::: SOURCE MATERIAL

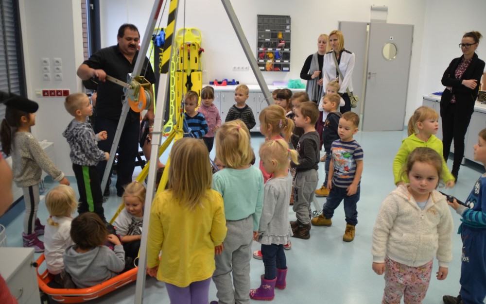 Dlatego jednym ze staÅ‚ych punktów programu wizyty w budynku przy Innowacyjne jest telefoniczna rozmowa z dyspozytorem pogotowia. Maluchy majÄ… za zadanie chwilÄ™ z nim porozmawiać, uczÄ… siÄ™ jak zachować wtedy spokój i jak opowiedzieć o problemie, który zgÅ‚aszajÄ….
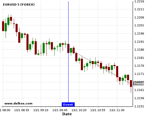 这个概率是根据最近12次公布EMU Industrial Production YoY数据得出的, 12次中有6次真实数据大于专家预期, 这其中有5次导致EURUSD下跌。
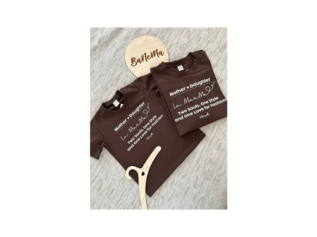 Jestli vaše holčičky mají rády stejná trička jako máte vy, tak jim můžete udělat radost s tímto tričkem v čokoládové barvě, s nápisem, dvě duše, jeden styl a jedna láska k módě. Máme stejné pro maminku.
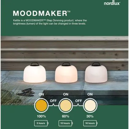 Nordlux Kettle Batterijverlichting Wit 4.8W 300lm - 827 Zeer Warm Wit | 3-Staps Dimbaar
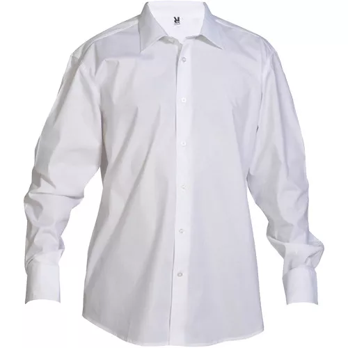 Material: 97% algodão, 3% elastano, popeline, 140 G . Camisa de tecido elástico com mangas compridas e gola rígida com um botão. Punhos com dois botões e barra arredondada.
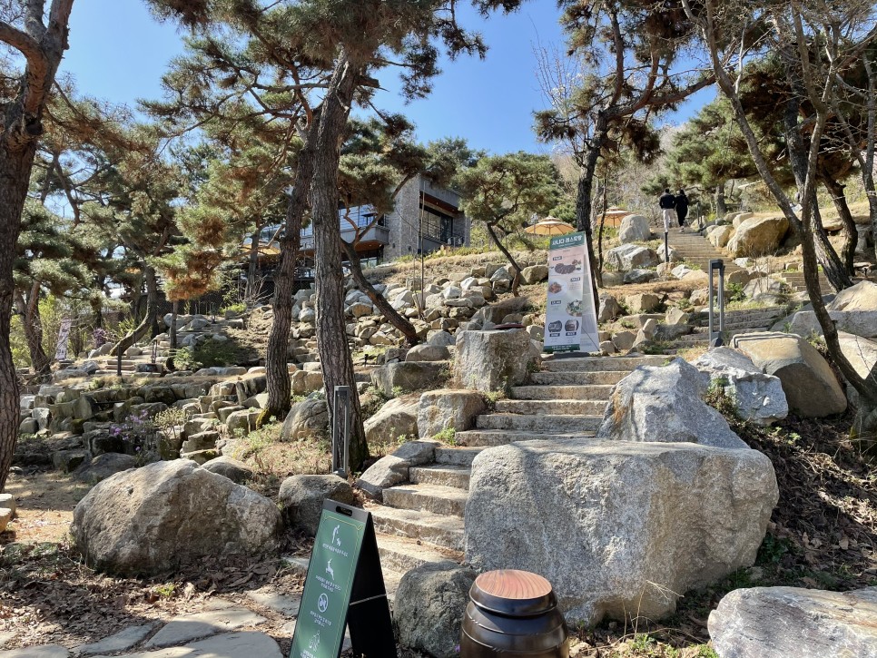주차장에서 카페로 올라가는 계단은 여러곳이 있습니다.
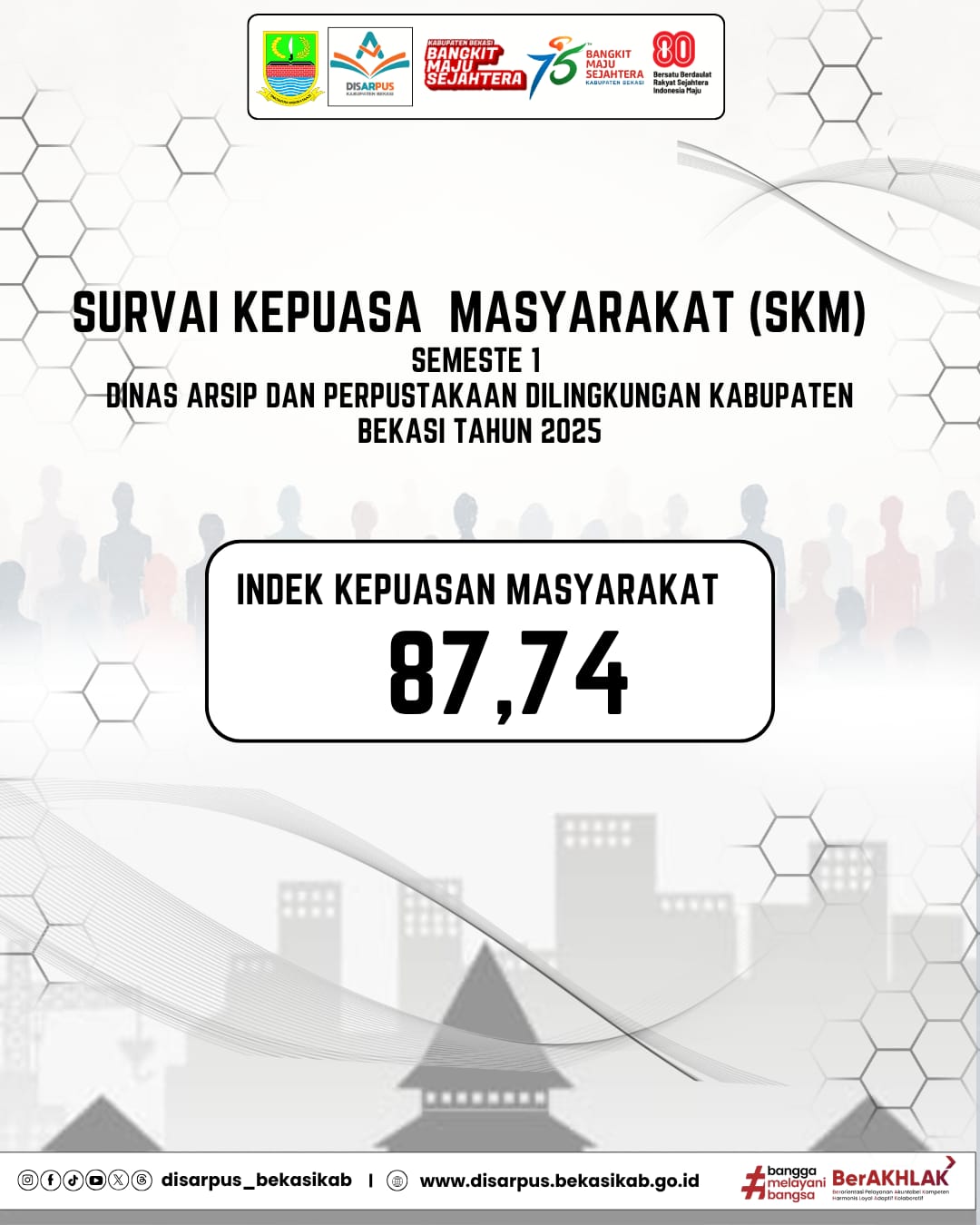 Dinas Arsip dan Perpustakaan (Disarpus) Kabupaten Bekasi kembali menunjukkan komitmennya dalam meningkatkan kualitas pelayanan publik. Berdasarkan hasil Survei Kepuasan Masyarakat (SKM) Semester I Tahun 2025, Disarpus Kabupaten Bekasi berhasil meraih Indeks Kepuasan Masyarakat (IKM) sebesar 87,74. Capaian ini mencerminkan bahwa layanan arsip dan perpustakaan yang diberikan kepada masyarakat berada dalam kategori “Sangat Baik”, serta menunjukkan adanya peningkatan kualitas pelayanan, efektivitas, dan responsivitas aparatur dalam memenuhi kebutuhan masyarakat.
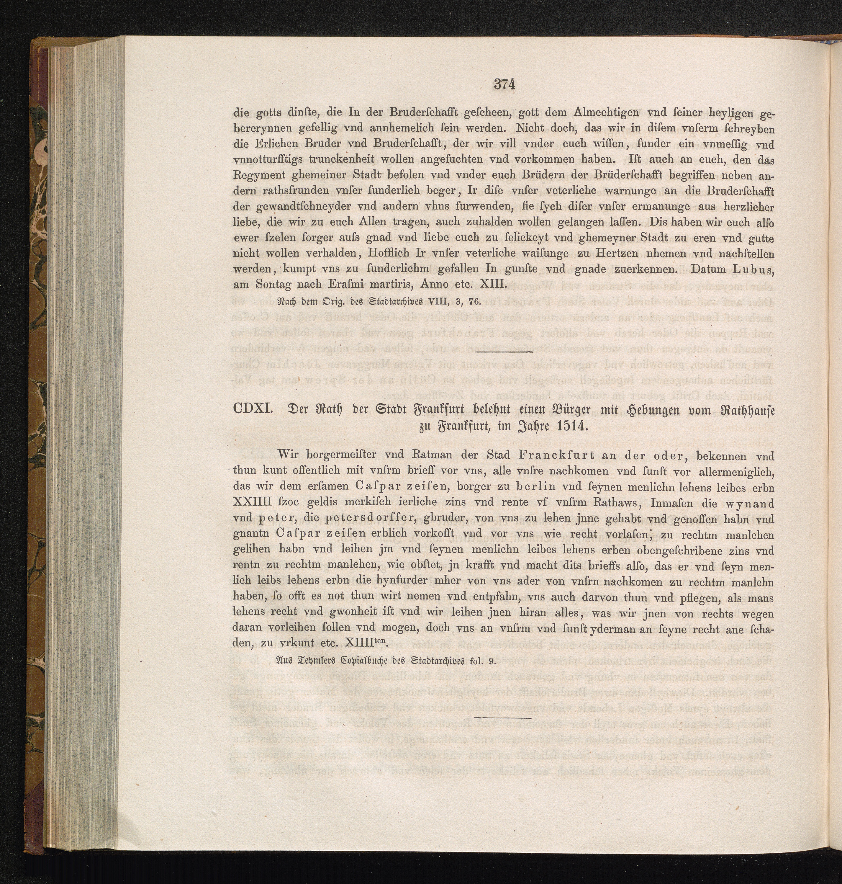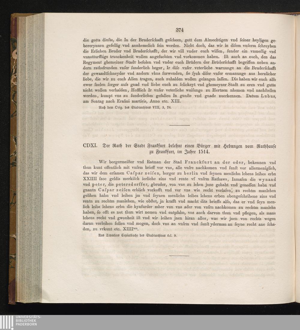 CDXI. Der Rath der Stadt Frankfurt belehnt einen Bürger mit Hebungen vom Rathhause[...]
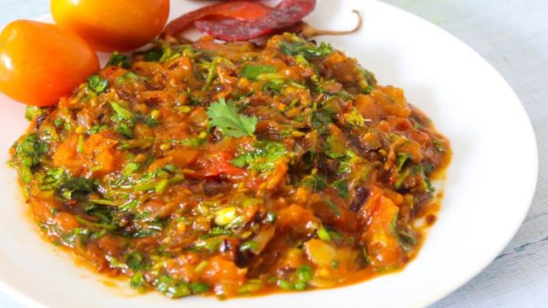 বেগুন-টমেটোর ভর্তা তৈরির সহজ রেসিপি
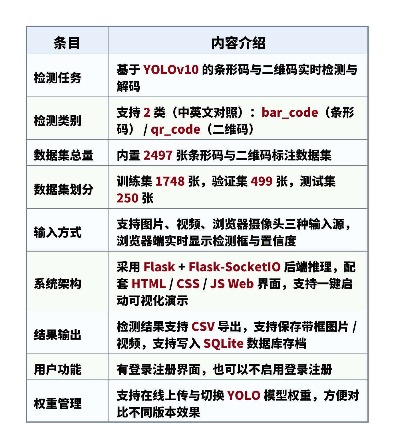 检测类别:支持 2 类(中英文对照):bar_code(条形码) / qr_code(二维码)
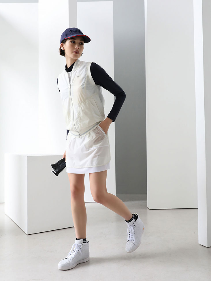 極細ナイロンにポリウレタンをカバーリングした最軽量の2WAYストレッチ素材を使ったライトベストとスカート。ゴルフに必須な撥水機能は繊細なコーティング仕上げで風合いをkeep。裏地は銀イオンに優れた抗菌効果により様々な菌の増殖を抑制するとともに吸水速乾性も併せ持ったメッシュ生地を採用し衣服内環境を快適に保ってくれます。セットアップとしても単品でも使用できコーディネートの幅が広がる。
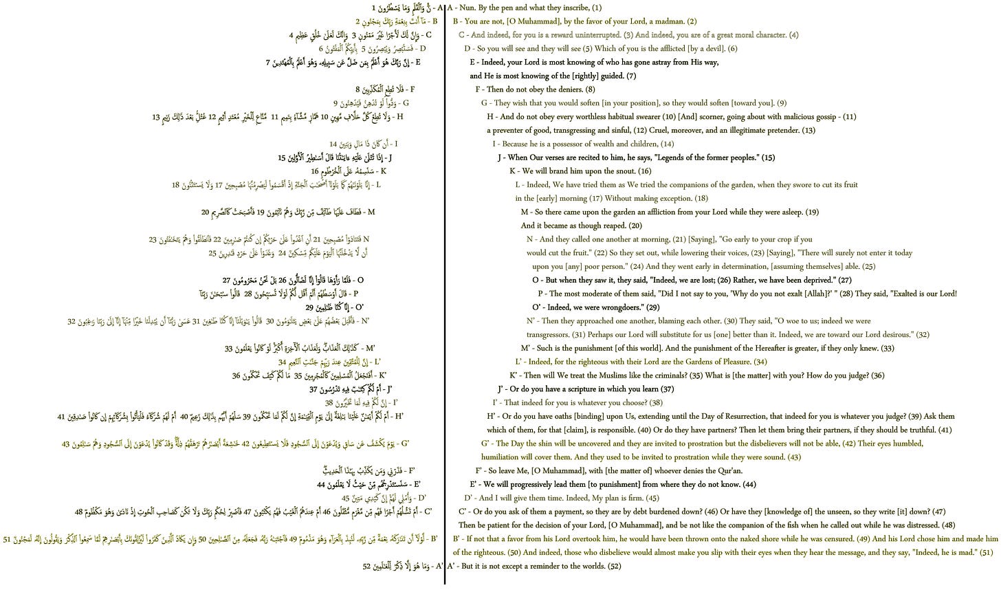 The following is an example of the types of posts we will be sending out to paid subscribers of the newsletter. If you are interested in learning about the research that goes into discovering possible structures to suwar (and a free E-book copy of Heavenly Order once it is done being written), please consider supporting this newsletter by subscribing below!

::::::

▶ _ACTION ITEM_
Working from the entries above, please transcribe only the lines from the line with "주차장에서 카페로 올라가는 계단은 여러곳이 있습니다." through the line with "極細ナイロンにポリウレタンを", exactly, with both end lines and without pictures.

▶ _ANSWER SPACE_
주차장에서 카페로 올라가는 계단은 여러곳이 있습니다.
 Dinas Arsip dan Perpustakaan (Disarpus) Kabupaten Bekasi kembali menunjukkan komitmennya dalam meningkatkan kualitas pelayanan publik. Berdasarkan hasil Survei Kepuasan Masyarakat (SKM) Semester I Tahun 2025, Disarpus Kabupaten Bekasi berhasil meraih Indeks Kepuasan Masyarakat (IKM) sebesar 87,74. Capaian ini mencerminkan bahwa layanan arsip dan perpustakaan yang diberikan kepada masyarakat berada dalam kategori “Sangat Baik”, serta menunjukkan adanya peningkatan kualitas pelayanan, efektivitas, dan responsivitas aparatur dalam memenuhi kebutuhan masyarakat.
 CDXI. Der Rath der Stadt Frankfurt belehnt einen Bürger mit Hebungen vom Rathhause[...]
 বেগুন-টমেটোর ভর্তা তৈরির সহজ রেসিপি
 检测类别:支持 2 类(中英文对照):bar_code(条形码) / qr_code(二维码)
 極細ナイロンにポリウレタンをカバーリングした最軽量の2WAYストレッチ素材を使ったライトベストとスカート。ゴルフに必須な撥水機能は繊細なコーティング仕上げで風合いをkeep。裏地は銀イオンに優れた抗菌効果により様々な菌の増殖を抑制するとともに吸水速乾性も併せ持ったメッシュ生地を採用し衣服内環境を快適に保ってくれます。セットアップとしても単品でも使用できコーディネートの幅が広がる。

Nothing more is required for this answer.